Please output the data exactly, minus pictures.

**Dataset section:**
-*-
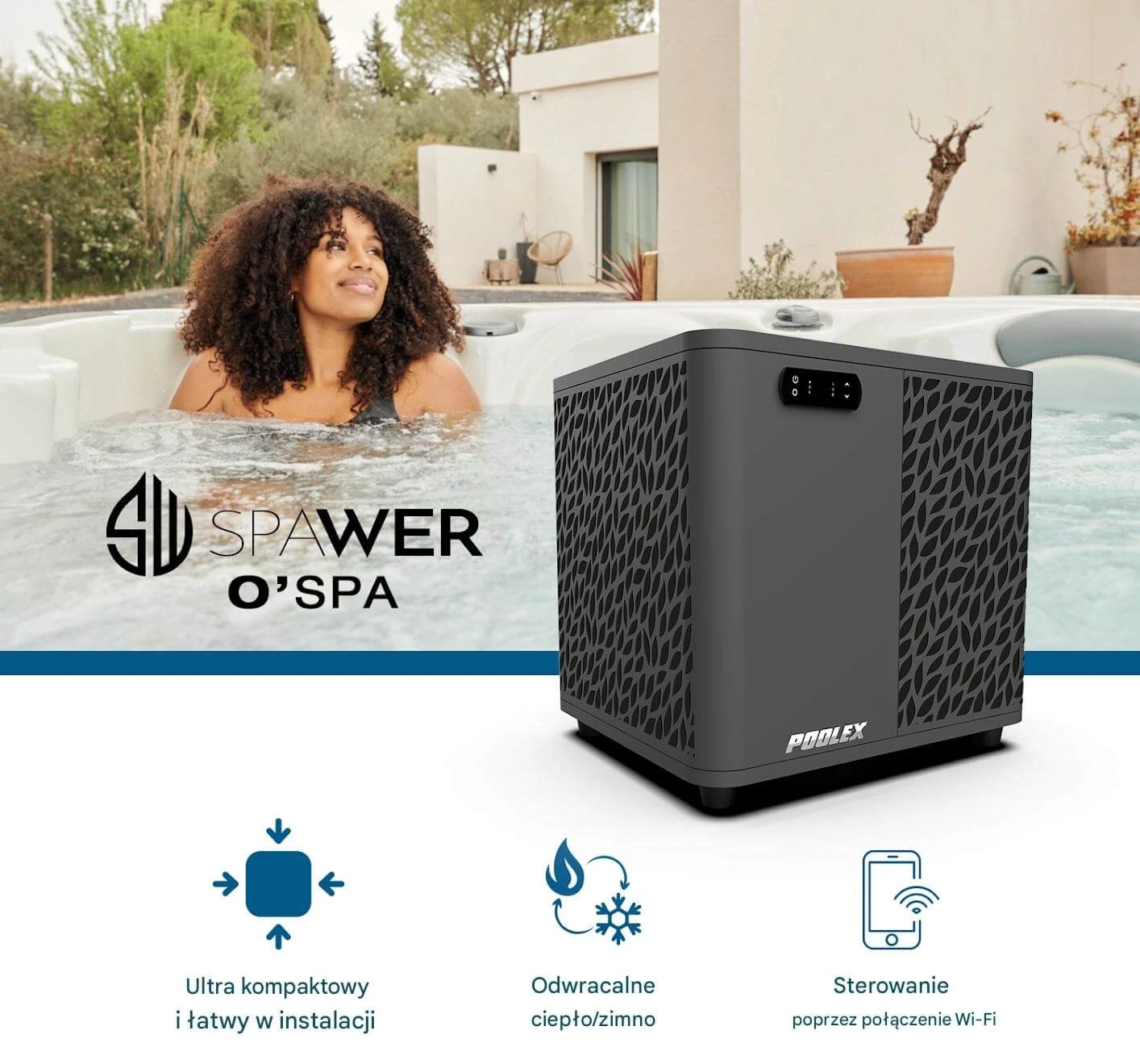 Spawer O'Spa - specjalna pompa ciepła dla małych domowych basenów, ogrodowych spa, wanien, whirpooli i jacuzzi. Dedykowana na chłodniejszego niż zazwyczaj w Polsce klimatu. Umożliwia grzanie lub chłodzenie wody. Wydajny system automatycznego odszraniania, pracuje nawet przy niskich temperaturach. Rekomendujemy wydajność 5kW lub 7kW. Wifi, przyłącza węży 32/38.
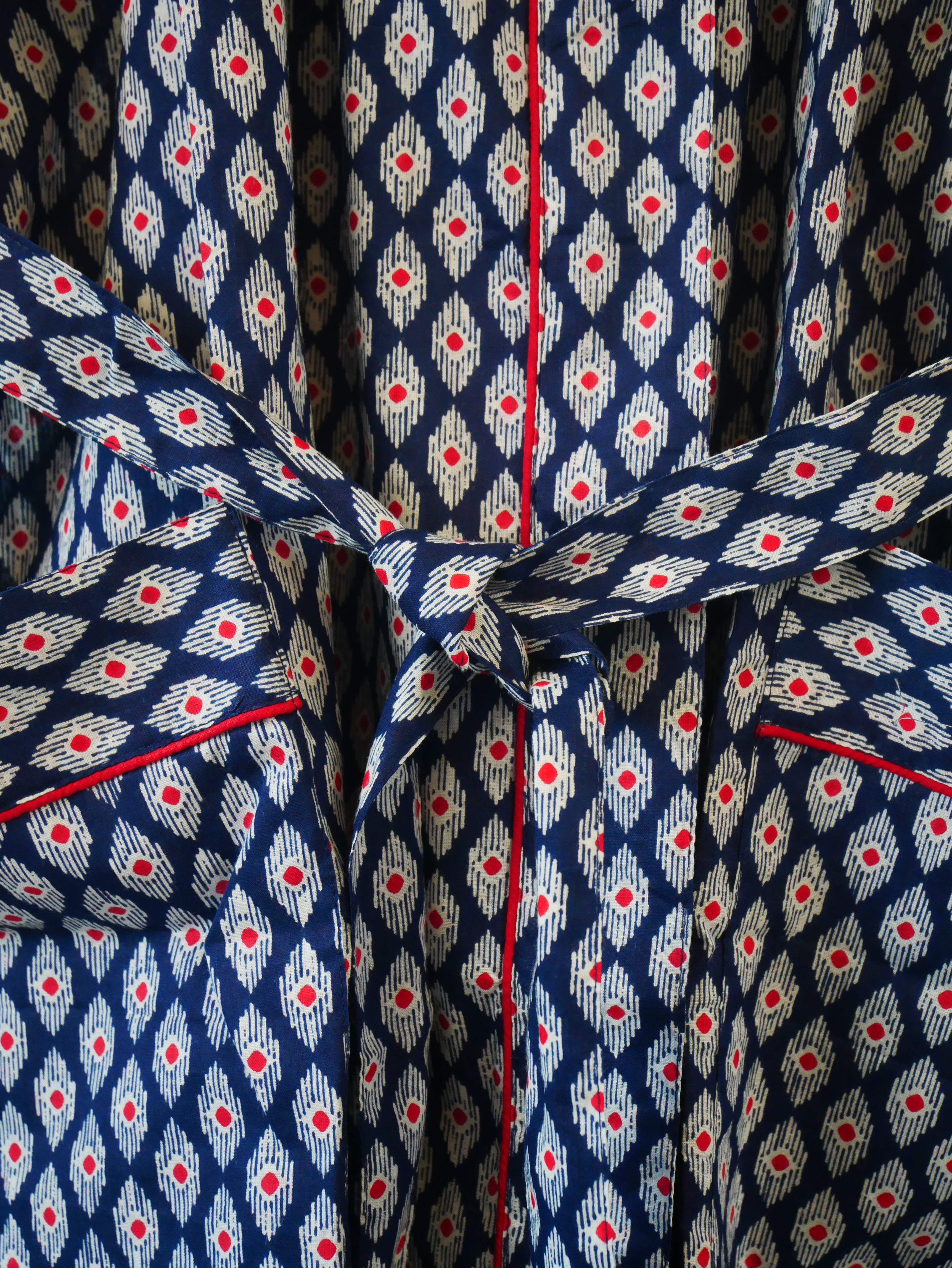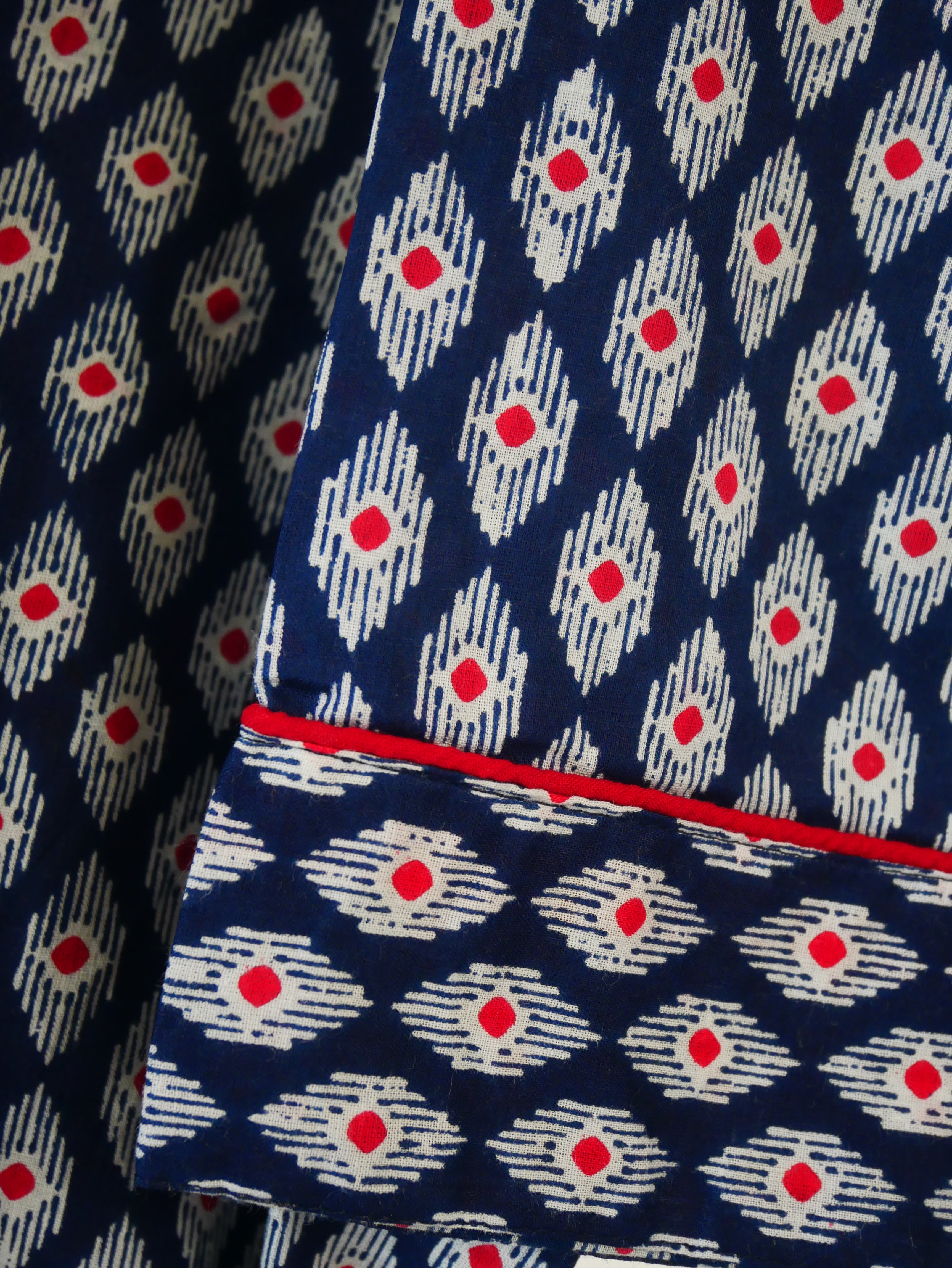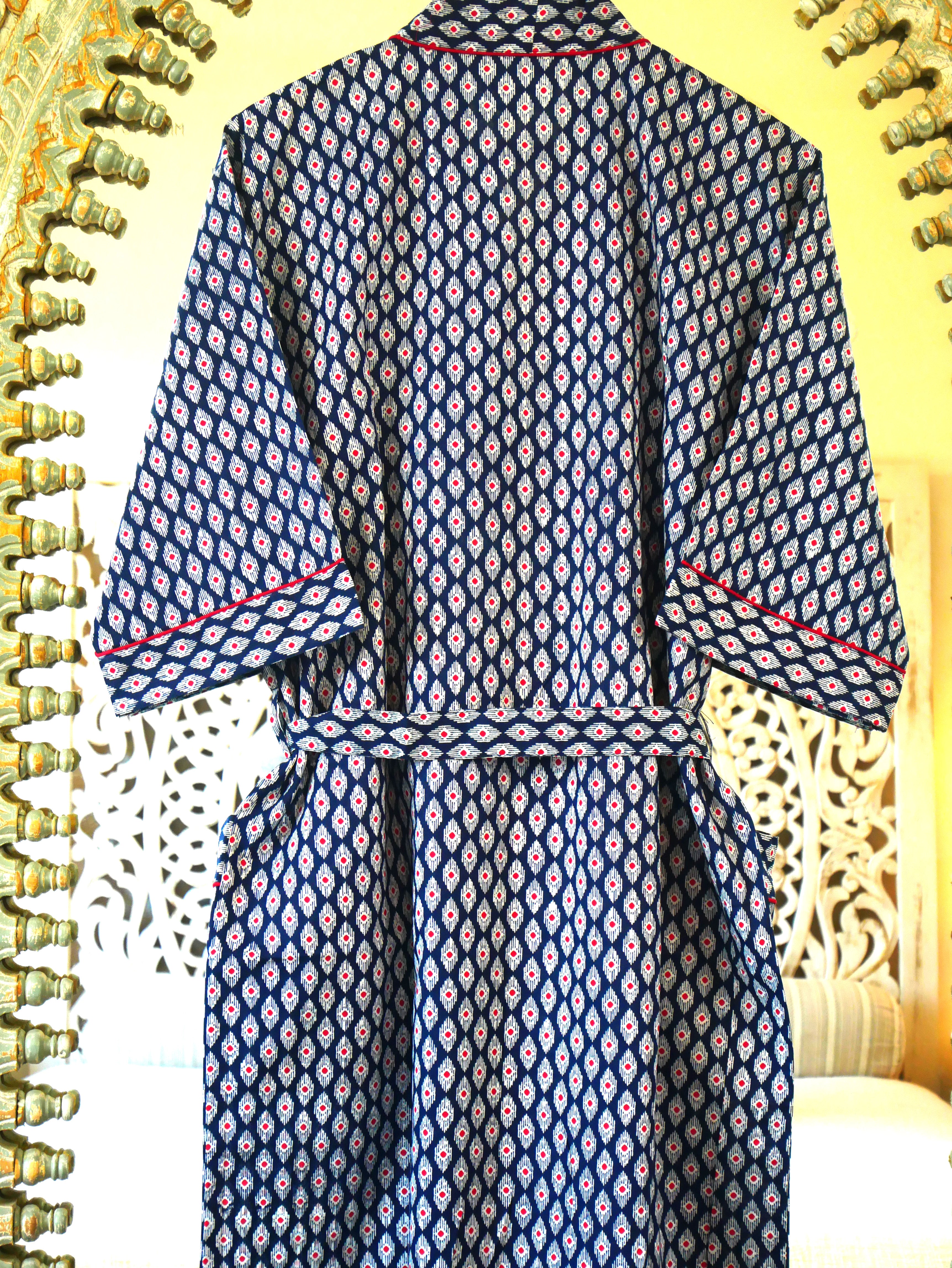 Wrap yourself in the vibrant beauty of our morning robes, sourced directly from India and crafted from 100% cotton. Each robe boasts a variety of colors and designs, blending traditional Rajasthani patterns with modern floral motifs. These robes are not just a testament to exceptional craftsmanship but also a celebration of cultural heritage and contemporary style. Ideal for lounging or adding an exotic touch to your morning routine, our robes promise comfort and elegance in every thread.
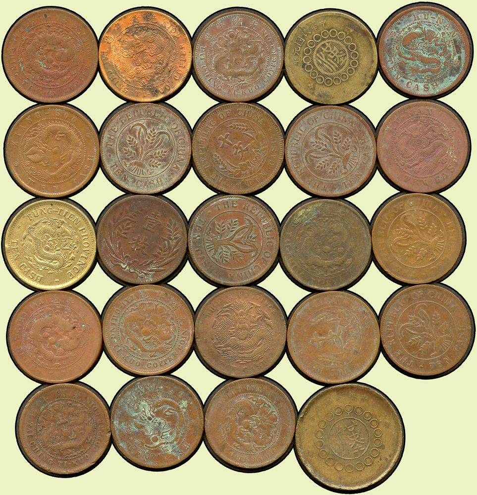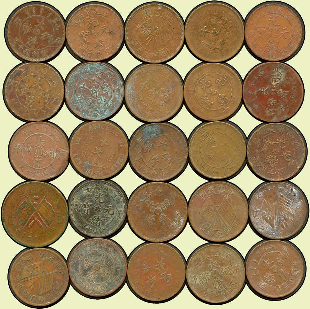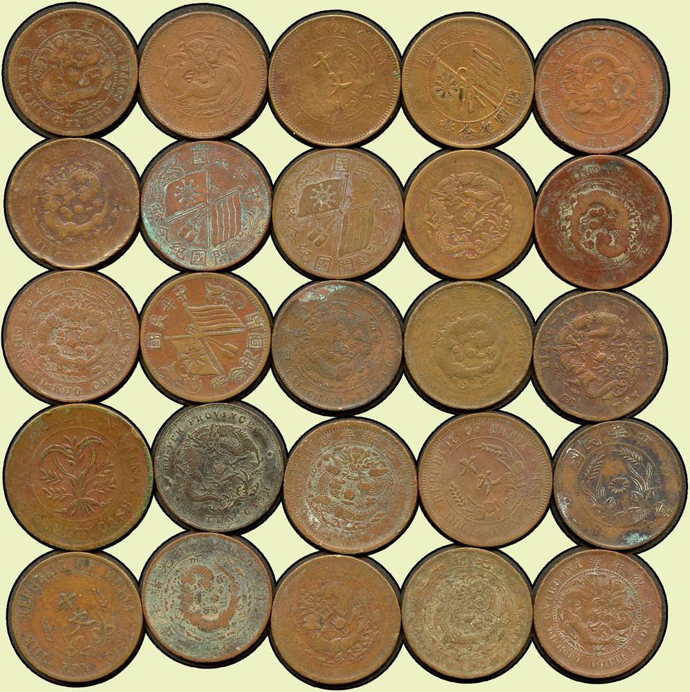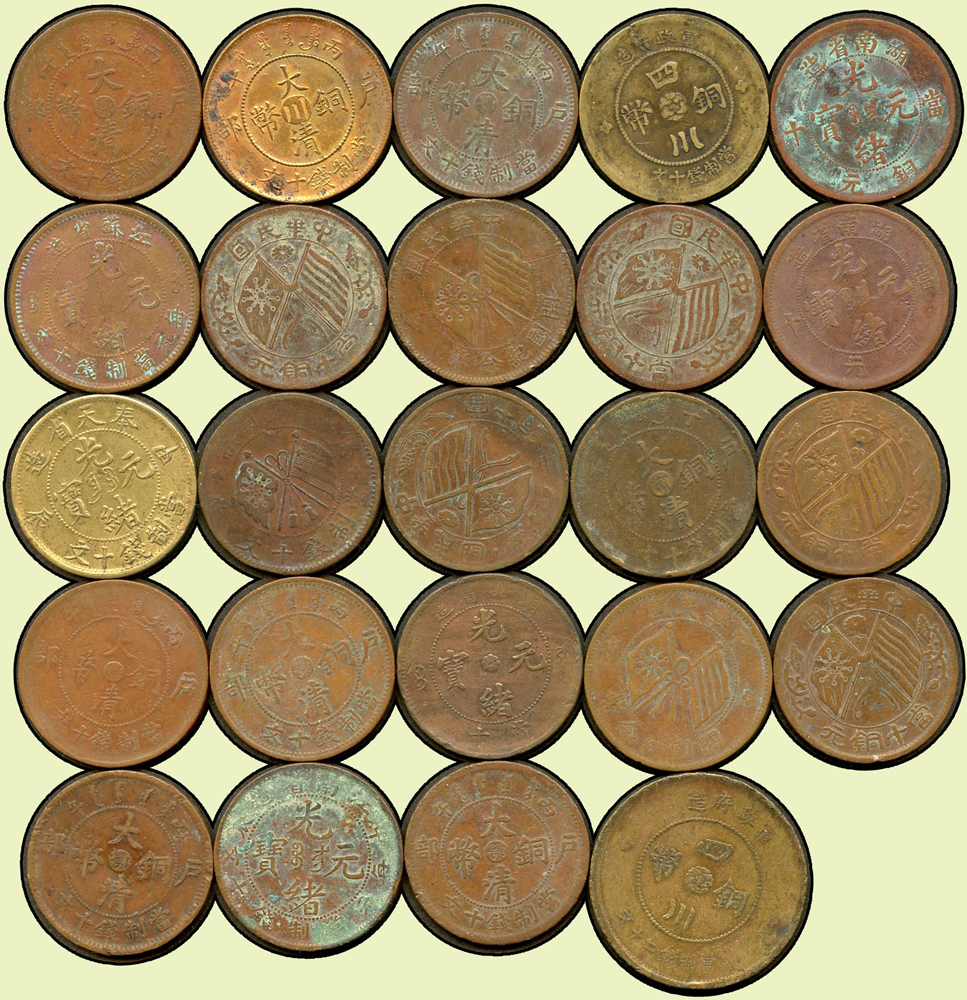 早期銅幣49枚,包括:中華民國開國紀念幣10文,大清銅幣10文.湖南省造20文.福建官局造光緒元寶十文.江蘇省造光緒元寶十文.湖北省造光緒元寶當十.四川軍政府造十文.廣東省造光緒元寶十文等,F-VF;歡迎至官網瀏覽全貌
-*-
**Your response:**
 Spawer O'Spa - specjalna pompa ciepła dla małych domowych basenów, ogrodowych spa, wanien, whirpooli i jacuzzi. Dedykowana na chłodniejszego niż zazwyczaj w Polsce klimatu. Umożliwia grzanie lub chłodzenie wody. Wydajny system automatycznego odszraniania, pracuje nawet przy niskich temperaturach. Rekomendujemy wydajność 5kW lub 7kW. Wifi, przyłącza węży 32/38.
 Wrap yourself in the vibrant beauty of our morning robes, sourced directly from India and crafted from 100% cotton. Each robe boasts a variety of colors and designs, blending traditional Rajasthani patterns with modern floral motifs. These robes are not just a testament to exceptional craftsmanship but also a celebration of cultural heritage and contemporary style. Ideal for lounging or adding an exotic touch to your morning routine, our robes promise comfort and elegance in every thread.
 早期銅幣49枚,包括:中華民國開國紀念幣10文,大清銅幣10文.湖南省造20文.福建官局造光緒元寶十文.江蘇省造光緒元寶十文.湖北省造光緒元寶當十.四川軍政府造十文.廣東省造光緒元寶十文等,F-VF;歡迎至官網瀏覽全貌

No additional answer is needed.